HARDasked at 1 company

Rank Transform of a Matrix

A hard-tier problem at 41% community acceptance, tagged with Array, Union Find, Graph. Reported in interviews at Citadel and 0 others.

Founder's read

Rank Transform of a Matrix hits different because it looks like a sorting problem but it's really a graph connectivity puzzle. You're given a matrix and need to rank elements such that if element A is less than B, A's rank is less than B's rank. The trap is that people try greedy sorting and miss that elements in the same row or column create dependency chains. Citadel asks this. With a 41% acceptance rate, most candidates run out of time on the index management alone. If this problem lands on your live assessment and you blank on the Union Find angle, StealthCoder surfaces the working solution in seconds.

Companies asking
1
Difficulty
HARD
Acceptance
41%

Companies that ask "Rank Transform of a Matrix"

If this hits your live OA

Rank Transform of a Matrix is the kind of problem that decides whether you pass. StealthCoder reads the problem on screen and surfaces a working solution in under 2 seconds. Invisible to screen share. The proctor sees nothing. Built by an engineer at a top-10 tech company who can solve these problems cold but didn't want to trust himself in a 90-minute screen share.

Get StealthCoder
What this means

The core trick is recognizing that elements in the same row or column are constrained together. You can't just sort by value and assign ranks independently. Instead, model it as a graph problem: elements in the same row or column that share a boundary of increasing values form connected components. Use Union Find to group elements that must have contiguous ranks, then topologically process those groups by value order. Most candidates attempt a straightforward sort-and-assign approach, which fails on test cases where row and column constraints create rank inversions. The common pitfall is not realizing that multiple cells can have the same final rank if they're in different rows and columns with no constraints between them. This is where the graph and topological sort topics converge.
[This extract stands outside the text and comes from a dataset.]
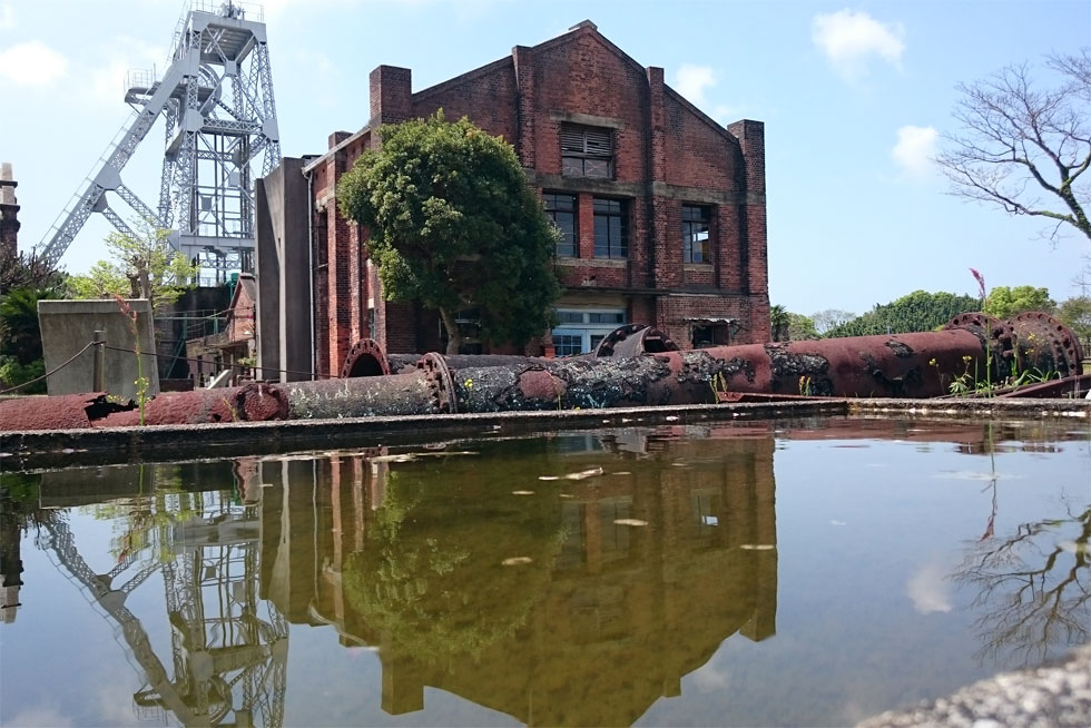 この建物が扇風機室として使用された時代は、現在の倉庫及びポンプ室で使用されていた蒸気動力の扇風機にかわって、電動モーターの大型扇風機が設置されていました。この扇風機の形式では国内最大の容量を誇っていましたが、当時の電気製品はコイルの損傷事故が多かったために、常に予備機を準備していたそうです。建物は煉瓦造になっており、建物の北側から西側にかけてはかつて安全燈室や事務所、繰込場(くりこみば)、身体検査をする検身場(けんしんば)が隣接しており、その痕跡が西側壁面に残っています。さらに南側壁面は、向かい側のポンプ室および倉庫に繋がっていた痕跡が見られます。

If you hit this live and haven't drilled Union Find on matrices, StealthCoder bridges the gap.

Pattern tags

The honest play

You know the problem. Make sure you actually pass it.

Rank Transform of a Matrix recycles across companies for a reason. It's hard-tier, and most candidates blank under the timer. StealthCoder is the hedge: an AI overlay invisible during screen share. It reads the problem and surfaces a working solution in under 2 seconds. Built by an engineer at a top-10 tech company who can solve these problems cold but didn't want to trust himself in a 90-minute screen share. Works on HackerRank, CodeSignal, CoderPad, and Karat.

Rank Transform of a Matrix interview FAQ

Is Rank Transform of a Matrix still asked at Citadel and other trading firms?+

Yes, Citadel has it in their pool. With one reported company and hard difficulty, it's less common than medium-tier problems, but trading firms love constraint-satisfaction and graph problems. If you're interviewing at quant shops, this is worth drilling.

What's the actual trick to solving this efficiently?+

Union Find plus topological sort. Group cells in the same row or column that form increasing sequences, then assign ranks to each group in value order. The naive sort-and-assign approach fails because it ignores connectivity. The insight is that rank constraints propagate through the matrix like edges in a graph.

How does Union Find relate to this problem?+

Union Find groups elements that share a row or column and must have dependent ranks. If two elements are in the same row or column and one is strictly less, they're in the same connected component and must respect rank ordering within that component. It cuts down the assignment complexity significantly.

Can I solve this with just sorting and a greedy rank assignment?+

No. Greedy sorting by value alone ignores row and column constraints. You'll assign a high rank to an element that shares a row with a larger value, violating the rule. You need to track which elements are actually constrained together first.

How much harder is this than typical medium-level matrix problems?+

Significantly harder. Medium matrix problems usually involve traversal or dynamic programming. This one requires you to see the hidden graph structure and apply two advanced techniques (Union Find and topological sort) in combination. The 41% acceptance rate reflects that gap.

Want the actual problem statement? View "Rank Transform of a Matrix" on LeetCode →

Frequency and company-tag data sourced from public community-maintained interview-report repos. Problem, description, and trademark © LeetCode. StealthCoder is not affiliated with LeetCode.